As security regulations tighten and quantum computing advances, organizations are prioritizing cybersecurity, making encryption increasingly essential. The Cisco MDS 9000 family of storage networking devices offers cutting-edge encryption solutions, specifically through Cisco TrustSec Fibre Channel Link Encryption, ensuring secure data transmission across Fibre Channel (FC) networks.
Threats and security regulations mandate stronger security postures
Data is among the most important assets for any corporation, so protecting data from unauthorized access and misuse is a key concern. With the emergence of hybrid work, the adoption of cloud services, and the malicious use of AI-based tools, cyberthreats have become more advanced and impactful. At the same time, new privacy and security regulations are mandating that organizations achieve a better, more comprehensive security posture. As a result, cybersecurity is the top priority among AI deployments, according to the Cisco 2024 AI Readiness Index, and data encryption is now in high demand from corporations of all sizes and industries.
With FC being the protocol of choice for accessing business-critical enterprise datasets, an important facet of a security posture is to validate the identity of adjacent switches and to encrypt data while in transit on a storage area network (SAN). These capabilities are offered on the Cisco MDS 9000 family of storage networking devices using Cisco TrustSec FC Link Encryption. With recent NX-OS code, a new cypher has been introduced to withstand the brute-force calculations that can overcome current encryption standards with quantum computing, featuring a straightforward configuration. Available under Advantage and Premier license tiers, this feature supports director switches, fixed configuration switches, and multiprotocol switches, benefiting both mainframe and open system environments.
Authentication is a prerequisite to encryption
Cisco MDS 9000 Series Switches implement the Fibre Channel Security Protocol (FC-SP-2 standard, ANSI INCITS 496-2012), enabling switch-to-switch and host-to-switch authentication to address security challenges in enterprise fabrics. The Diffie-Hellman Challenge Handshake Authentication Protocol (DHCHAP) is a FC-SP protocol that provides authentication between Cisco MDS 9000 Series Switches and other devices. DHCHAP combines the CHAP protocol with the Diffie-Hellman (DH) exchange, ensuring that only trusted devices can join a fabric, thereby preventing unauthorized access.

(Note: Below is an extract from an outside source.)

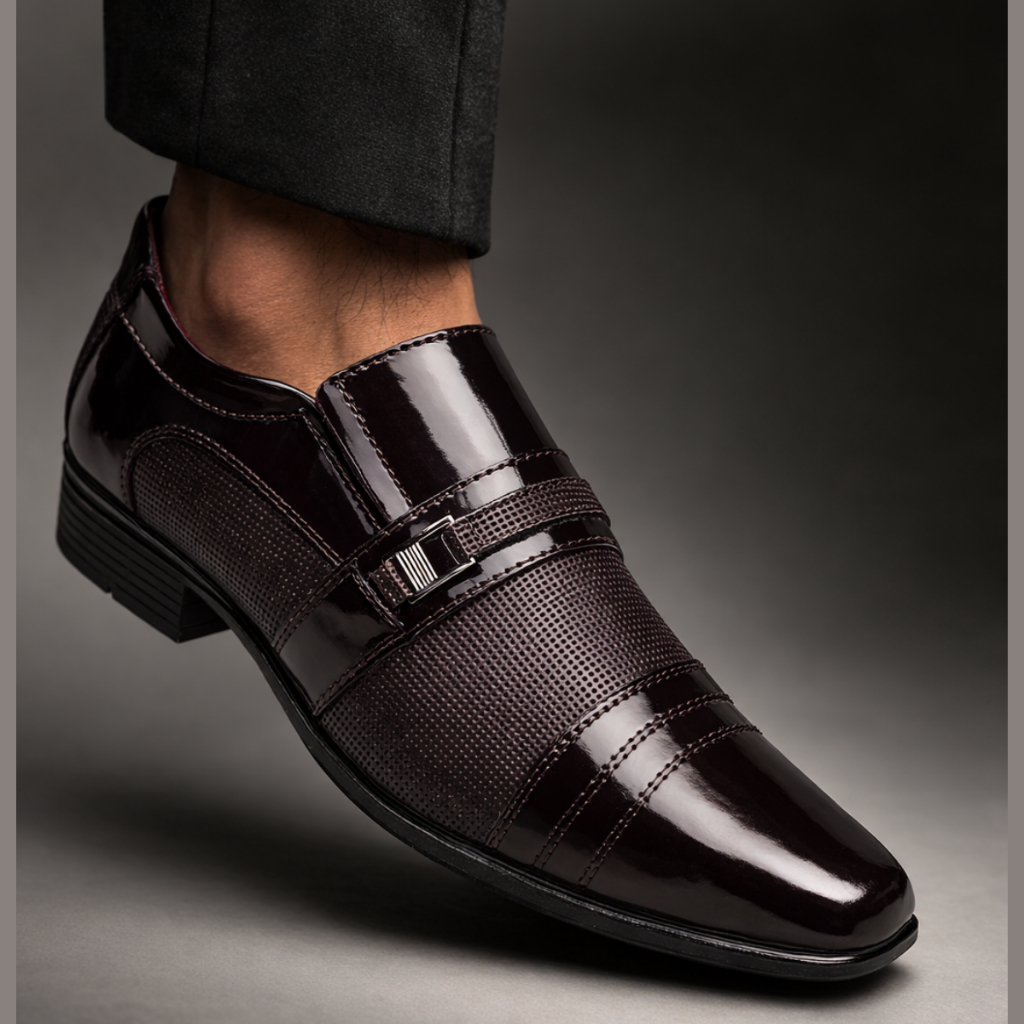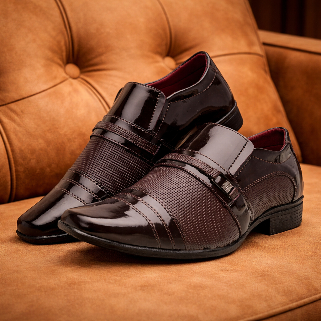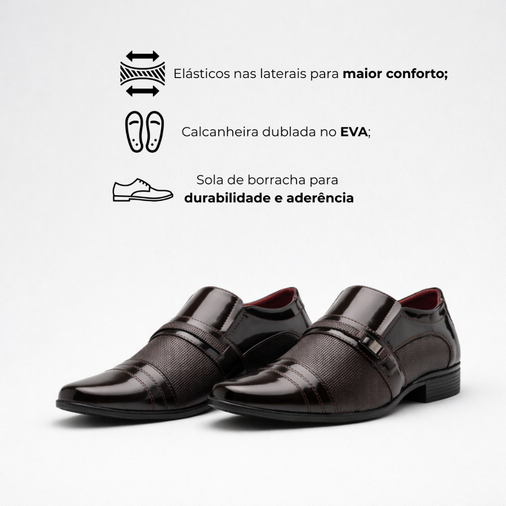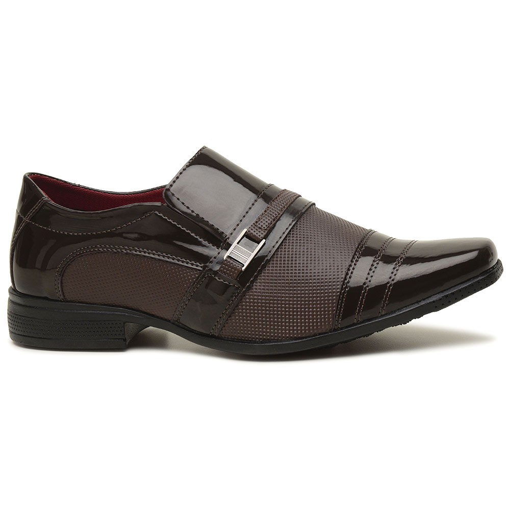 Sapato Social Masculino Verniz Café Bico Quadrado Contortável Casual Garçon Trabalho Igreja Noivo

DHCHAP is a secure, password-based key-exchange authentication protocol supporting both switch-to-switch and host-to-switch authentication. This configuration requires setting local and peer switch passwords, with DHCHAP negotiating hash algorithms and DH groups. With NX-OS 9.4(3), SHA-1 algorithm-based authentication is default, configured at the physical FC interface level.
Cisco TrustSec Fibre Channel Link Encryption
The Advanced Encryption Standard (AES) is a high-security, symmetric-key block-cipher algorithm adopted globally since 2002. It supports various applications, including disk encryption, VPN systems, and messaging programs. Its substitution-permutation network involves sophisticated bit operations, with hardware-efficient execution.

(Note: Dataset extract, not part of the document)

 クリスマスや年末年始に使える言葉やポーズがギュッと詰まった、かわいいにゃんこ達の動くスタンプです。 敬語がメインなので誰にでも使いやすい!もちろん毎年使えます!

Cisco TrustSec FC Link Encryption extends the Fibre Channel Security Protocol (FCSP), ensuring transaction integrity and confidentiality using DHCHAP for peer authentication. Encryption configuration involves defining security associations on interfaces, setting a key and using a salt for enhancing security by differentiating encrypted text patterns.

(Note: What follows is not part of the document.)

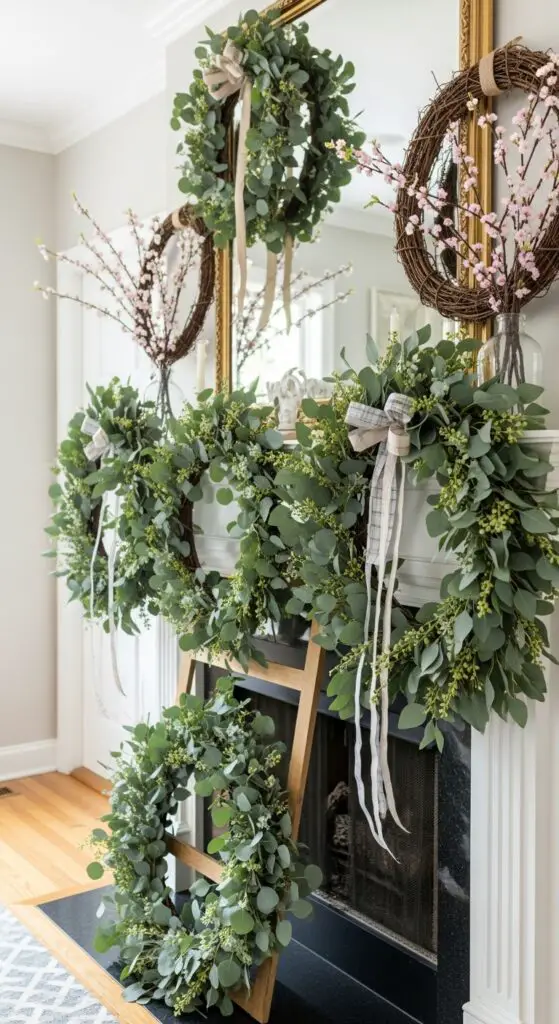 Mount wreaths directly on the wall above your mantle or lean them against mirrors for doubled impact. Mix sizes strategically—pair one large statement wreath with smaller complementary pieces to achieve balanced, professional-looking arrangements.
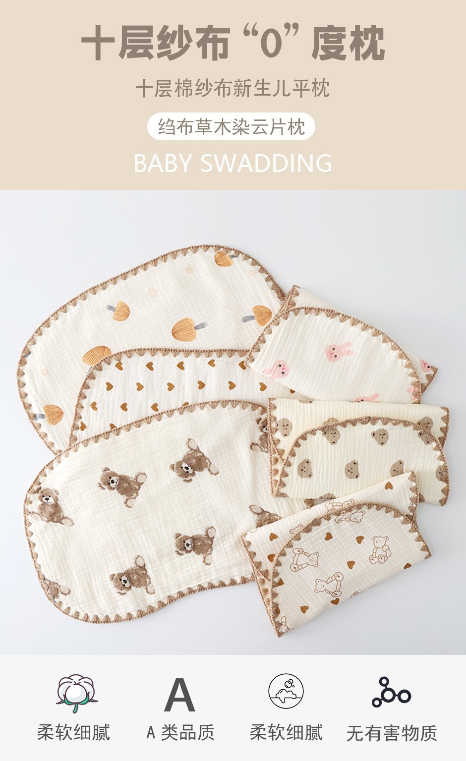신생아 구름 베개 아기 10 층면 거즈 통기성 땀 흡수성 아기 0 ~ 6 개월 침 방지 베개 수건

Cisco TrustSec FC Link Encryption enables AES-GCM (default, encryption and authentication) or AES-GMAC (authentication only). Key lengths supported are 128 bits for 32G devices and both 128-bit and 256-bit for 64G devices, offering flexibility and choice. If executed in software, AES-128 is marginally faster and needs less system resources, while AES-256 provides greater resilience against brute-force attacks and elevates the solution to become quantum resistant. Cisco MDS 9000 switches leverage advanced hardware-assisted AES implementation so that both AES-128 and AES-256 execute with the same optimal level of performance.
Industry-leading performance and throughput
The Cisco 64G FC switching module provides high encryption capabilities, supporting eight ports at 64G speeds each, achieving 512G aggregate encrypted throughput per module. This industry-leading performance results from advanced ASIC design, handling encryption with no performance penalty. The store-and-forward architecture ensures unchanged latency between encrypted and non-encrypted configurations, making MDS 9000 SAN switches unique in maintaining efficiency with the highest level of security. Fixed configuration and multiservice switches leverage the same capabilities, but the number of encrypted ports depends on the switch model. For example, on Cisco MDS 9124V there are four ports that can be encrypted, on Cisco MDS 9148V there are eight, and on Cisco MDS 9396V there are 16.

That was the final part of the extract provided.